What the task requires:
Which lines run from the line with "Я играл в infinite" through the line with "根据诸葛找房数据显示,青岛2" in the entries below? Print them exactly, both ends included, and nothing more.

Source information:
━━━━━━━━━━━━━━━━━━━━
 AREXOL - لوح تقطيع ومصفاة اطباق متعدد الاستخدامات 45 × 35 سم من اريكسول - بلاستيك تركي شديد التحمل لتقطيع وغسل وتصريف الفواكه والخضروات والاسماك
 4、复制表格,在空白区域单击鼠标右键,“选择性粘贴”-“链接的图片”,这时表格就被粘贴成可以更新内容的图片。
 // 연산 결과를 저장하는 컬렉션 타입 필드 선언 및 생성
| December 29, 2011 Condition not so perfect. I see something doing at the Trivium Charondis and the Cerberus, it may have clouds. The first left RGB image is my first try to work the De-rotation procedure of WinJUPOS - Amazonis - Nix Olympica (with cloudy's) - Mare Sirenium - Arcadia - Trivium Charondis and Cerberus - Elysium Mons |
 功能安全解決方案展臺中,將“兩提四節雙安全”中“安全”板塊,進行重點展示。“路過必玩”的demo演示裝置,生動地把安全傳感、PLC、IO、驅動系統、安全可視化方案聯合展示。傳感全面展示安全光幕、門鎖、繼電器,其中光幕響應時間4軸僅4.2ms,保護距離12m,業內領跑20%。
━━━━━━━━━━━━━━━━━━━━
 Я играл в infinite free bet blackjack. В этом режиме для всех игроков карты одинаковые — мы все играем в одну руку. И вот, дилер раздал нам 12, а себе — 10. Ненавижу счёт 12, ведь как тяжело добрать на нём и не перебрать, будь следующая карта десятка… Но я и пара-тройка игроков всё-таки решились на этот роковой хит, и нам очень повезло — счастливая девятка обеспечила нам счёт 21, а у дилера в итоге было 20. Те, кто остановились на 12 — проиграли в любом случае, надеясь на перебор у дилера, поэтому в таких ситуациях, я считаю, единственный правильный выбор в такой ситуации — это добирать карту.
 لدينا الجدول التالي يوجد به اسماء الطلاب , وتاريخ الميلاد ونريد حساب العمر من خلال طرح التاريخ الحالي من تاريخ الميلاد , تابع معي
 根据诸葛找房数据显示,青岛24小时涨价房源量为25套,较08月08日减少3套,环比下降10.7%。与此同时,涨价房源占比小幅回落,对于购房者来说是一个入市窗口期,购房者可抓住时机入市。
━━━━━━━━━━━━━━━━━━━━
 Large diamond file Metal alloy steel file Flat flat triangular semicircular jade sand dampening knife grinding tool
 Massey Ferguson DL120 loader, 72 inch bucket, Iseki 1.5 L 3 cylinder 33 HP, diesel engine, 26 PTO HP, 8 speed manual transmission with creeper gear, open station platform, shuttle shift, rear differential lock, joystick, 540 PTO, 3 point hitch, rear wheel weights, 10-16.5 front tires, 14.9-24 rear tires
━━━━━━━━━━━━━━━━━━━━
Answer below:
 Я играл в infinite free bet blackjack. В этом режиме для всех игроков карты одинаковые — мы все играем в одну руку. И вот, дилер раздал нам 12, а себе — 10. Ненавижу счёт 12, ведь как тяжело добрать на нём и не перебрать, будь следующая карта десятка… Но я и пара-тройка игроков всё-таки решились на этот роковой хит, и нам очень повезло — счастливая девятка обеспечила нам счёт 21, а у дилера в итоге было 20. Те, кто остановились на 12 — проиграли в любом случае, надеясь на перебор у дилера, поэтому в таких ситуациях, я считаю, единственный правильный выбор в такой ситуации — это добирать карту.
 لدينا الجدول التالي يوجد به اسماء الطلاب , وتاريخ الميلاد ونريد حساب العمر من خلال طرح التاريخ الحالي من تاريخ الميلاد , تابع معي
 根据诸葛找房数据显示,青岛24小时涨价房源量为25套,较08月08日减少3套,环比下降10.7%。与此同时,涨价房源占比小幅回落,对于购房者来说是一个入市窗口期,购房者可抓住时机入市。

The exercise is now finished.